Tongues, Confusion of.

The unity of the human race is most clearly implied, if not positively asserted, in the Mosaic writings. Unity of language is assumed by the sacred historian apparently as a corollary of the unity of race. (This statement is confirmed by philologists.) No explanation is given of the origin of speech, but its exercise is evidently regarded as coeval with the creation of man. The original unity of speech was restored in Noah. Disturbing causes were, however, early at work to dissolve this twofold union of community and speech. The human family endeavored b check the tendency to separation by the establishment of a great central edifice and a city which should serve as the metropolis of the whole world. The project was defeated by the interposition of Jehovah, who determined to "confound their language, so that they might not understand one another's speech." Contemporaneously with, and perhaps as the result of, this confusion of tongues, the people were scattered abroad from thence upon the face of all the earth, and the memory of the great event was preserved in the name Babel. [BABEL. TOWER OF]

See Babel

See Tower

Inscription of Nebuchadnezzar. --In the Borsippa inscription of Nebuchadnezzar there is an allusion to the confusion of tongues. "We say for the other, that is, this edifice, the house of the Seven Lights of the Earth, the most ancient monument of Borsippa, a former king built it [they reckon forty-two ages], but he did not complete its head.
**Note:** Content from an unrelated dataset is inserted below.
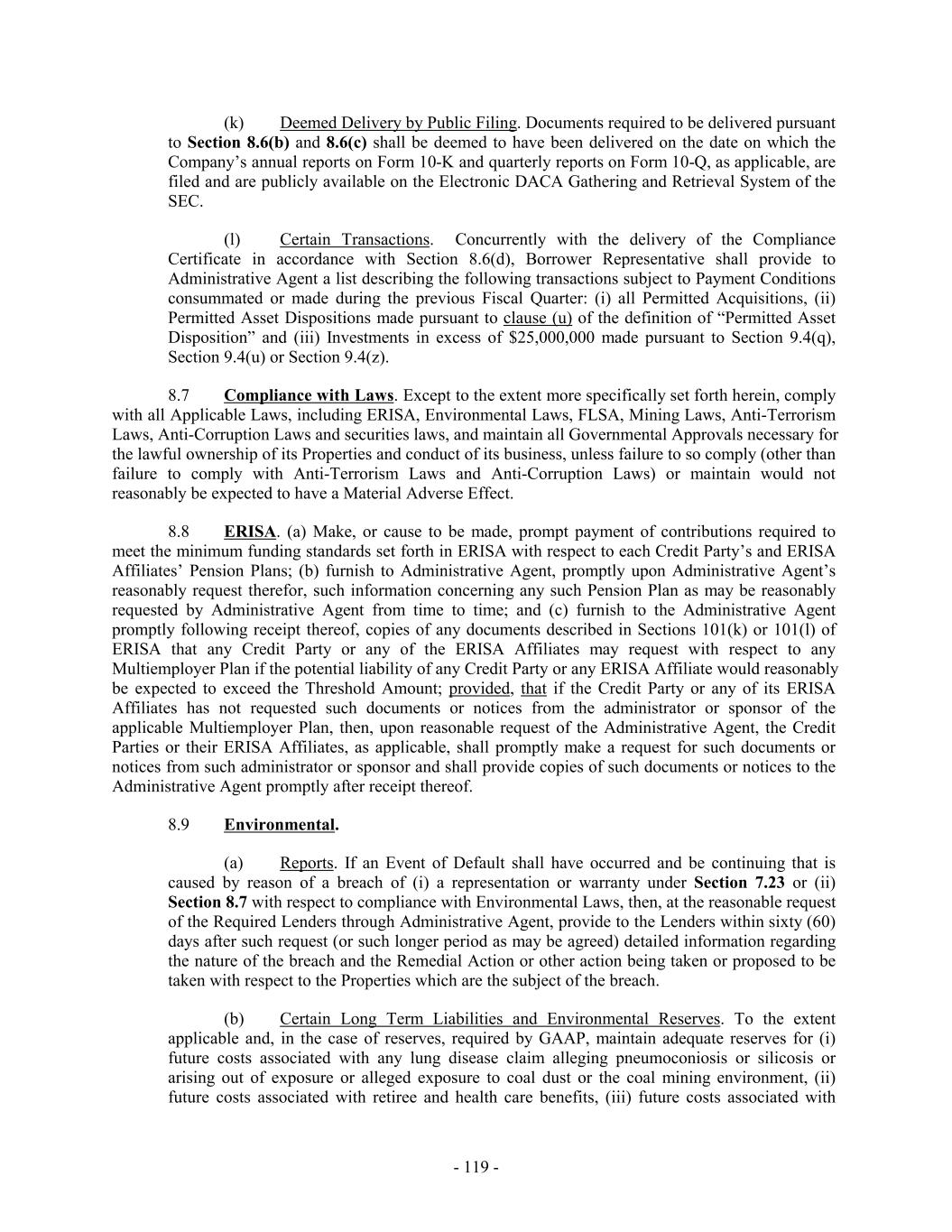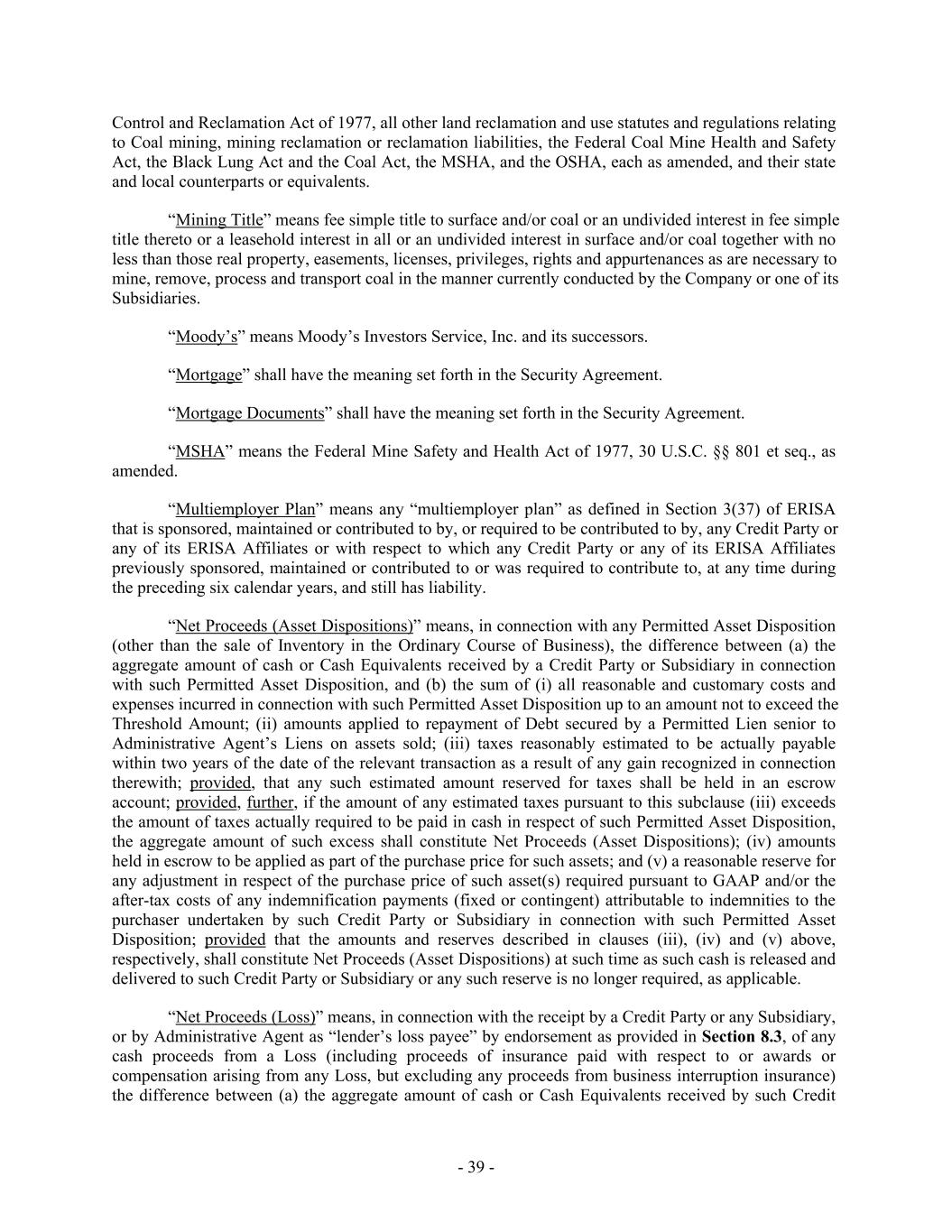 Control and Reclamation Act of 1977, all other land reclamation and use statutes and regulations relating to Coal mining, mining reclamation or reclamation liabilities, the Federal Coal Mine Health and Safety Act, the Black Lung Act and the Coal Act, the MSHA, and the OSHA, each as amended, and their state and local counterparts or equivalents. “Mining Title” means fee simple title to surface and/or coal or an undivided interest in fee simple title thereto or a leasehold interest in all or an undivided interest in surface and/or coal together with no less than those real property, easements, licenses, privileges, rights and appurtenances as are necessary to mine, remove, process and transport coal in the manner currently conducted by the Company or one of its Subsidiaries. “Moody’s” means Moody’s Investors Service, Inc. and its successors. “Mortgage” shall have the meaning set forth in the Security Agreement. “Mortgage Documents” shall have the meaning set forth in the Security Agreement. “MSHA” means the Federal Mine Safety and Health Act of 1977, 30 U.S.C. §§ 801 et seq., as amended. “Multiemployer Plan” means any “multiemployer plan” as defined in Section 3(37) of ERISA that is sponsored, maintained or contributed to by, or required to be contributed to by, any Credit Party or any of its ERISA Affiliates or with respect to which any Credit Party or any of its ERISA Affiliates previously sponsored, maintained or contributed to or was required to contribute to, at any time during the preceding six calendar years, and still has liability. “Net Proceeds (Asset Dispositions)” means, in connection with any Permitted Asset Disposition (other than the sale of Inventory in the Ordinary Course of Business), the difference between (a) the aggregate amount of cash or Cash Equivalents received by a Credit Party or Subsidiary in connection with such Permitted Asset Disposition, and (b) the sum of (i) all reasonable and customary costs and expenses incurred in connection with such Permitted Asset Disposition up to an amount not to exceed the Threshold Amount; (ii) amounts applied to repayment of Debt secured by a Permitted Lien senior to Administrative Agent’s Liens on assets sold; (iii) taxes reasonably estimated to be actually payable within two years of the date of the relevant transaction as a result of any gain recognized in connection therewith; provided, that any such estimated amount reserved for taxes shall be held in an escrow account; provided, further, if the amount of any estimated taxes pursuant to this subclause (iii) exceeds the amount of taxes actually required to be paid in cash in respect of such Permitted Asset Disposition, the aggregate amount of such excess shall constitute Net Proceeds (Asset Dispositions); (iv) amounts held in escrow to be applied as part of the purchase price for such assets; and (v) a reasonable reserve for any adjustment in respect of the purchase price of such asset(s) required pursuant to GAAP and/or the after-tax costs of any indemnification payments (fixed or contingent) attributable to indemnities to the purchaser undertaken by such Credit Party or Subsidiary in connection with such Permitted Asset Disposition; provided that the amounts and reserves described in clauses (iii), (iv) and (v) above, respectively, shall constitute Net Proceeds (Asset Dispositions) at such time as such cash is released and delivered to such Credit Party or Subsidiary or any such reserve is no longer required, as applicable. “Net Proceeds (Loss)” means, in connection with the receipt by a Credit Party or any Subsidiary, or by Administrative Agent as “lender’s loss payee” by endorsement as provided in Section 8.3, of any cash proceeds from a Loss (including proceeds of insurance paid with respect to or awards or compensation arising from any Loss, but excluding any proceeds from business interruption insurance) the difference between (a) the aggregate amount of cash or Cash Equivalents received by such Credit - 39 -

Since a remote time people had abandoned it, without order expressing their words. Since that time the earthquake and the thunder had dispersed its sun-dried clay; the bricks of the casing had been split, and the earth of the interior had been scattered in heaps." It is unnecessary to assume that the judgment inflicted on the builders of Babel amounted to a loss, or even a suspension of articulate speech. The desired object would be equally attained by a miraculous forestallment of those dialectical differences of language which are constantly in process of production. The elements of the one original language may have remained, but so disguised by variations of pronunciation and by the introduction of new combinations as to be practically obliterated. The confusion of tongues and the dispersion of nations are spoken of in the Bible as contemporaneous events. The divergence of the various families into distinct tribes and nations ran parallel with the divergence of speech into dialects and languages, and thus the tenth chapter of Genesis is posterior in historical sequence to the events recorded in the eleventh chapter.